IUBMB Life
- Discipline: Biochemistry and Molecular Biology
- Language: English
- Edited by: Angelo Azzi and William J. Whelan

Publication details
- Former name(s): Biochemistry and Molecular Biology International
- History: 1999
- Publisher: John Wiley & Sons (United States)
- Frequency: Monthly
- Open access: After 1 year
- Impact factor: 4.709 (2021)

Standard abbreviations
- ISO 4: IUBMB Life

Indexing
- CODEN: IULIF8
- ISSN: 1521-6543 (print) 1521-6551 (web)

Links
- Journal homepage; Online access;

= IUBMB Life =

IUBMB Life is a peer-reviewed scientific journal of developmental biology that was established in 1999. It is one of four official journals of the IUBMB. The journal is published monthly by John Wiley & Sons.

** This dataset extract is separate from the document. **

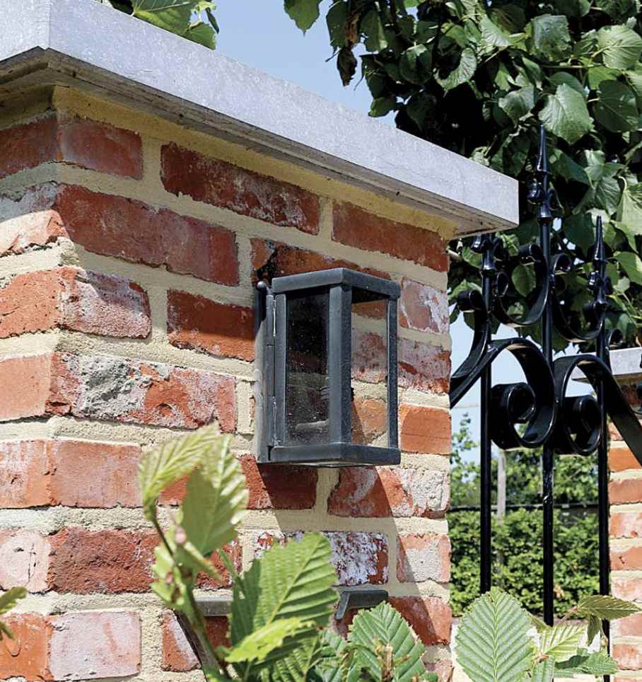 Die Wandlampe außen am Torpfeiler sieht aus wie die moderne Interpretation einer klassischen Laterne und veredelt jeden Torpfeiler.
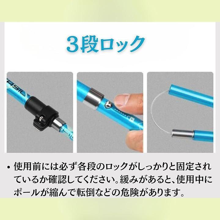 「調整可能なフリーサイズ」簡単調整で、身長に合わせてポールの高さを110-125cm(実質92-128cmでゆとりを持たせています)の範囲で簡単にさまざまな身長や地形に合わせて無段階調整可能です。

According to the Journal Citation Reports, the journal has a 2020 impact factor of 3.885, ranking it 147th out of 297 journals in the category "Biochemistry and Molecular Biology" and 121st out of 195 journals in the category "Cell Biology".

== Aims and Scope ==
IUBMB Life is the flagship journal of the International Union of Biochemistry and Molecular Biology and is devoted to the rapid publication of the most novel and significant original research articles, reviews, and hypotheses in the broadly defined fields of biochemistry, molecular biology, cell biology, and molecular medicine. The journal publishes interdisciplinary, basic to translational research and covers all fields in the life science at every level of organization:

Research communications are original research articles that present new findings of unusually high importance, which provide major new functional insights in biology. Critical Reviews are short, concise, and sharply focused reviews of current hot topics in the biological sciences. Critical Reviews and Hypotheses Papers make new specialized areas highly accessible to all scientists and develop novel insights and approaches for future research. Articles that integrate several biological disciplines, or successfully relate basic biology to human pathology or medicine, are especially encouraged.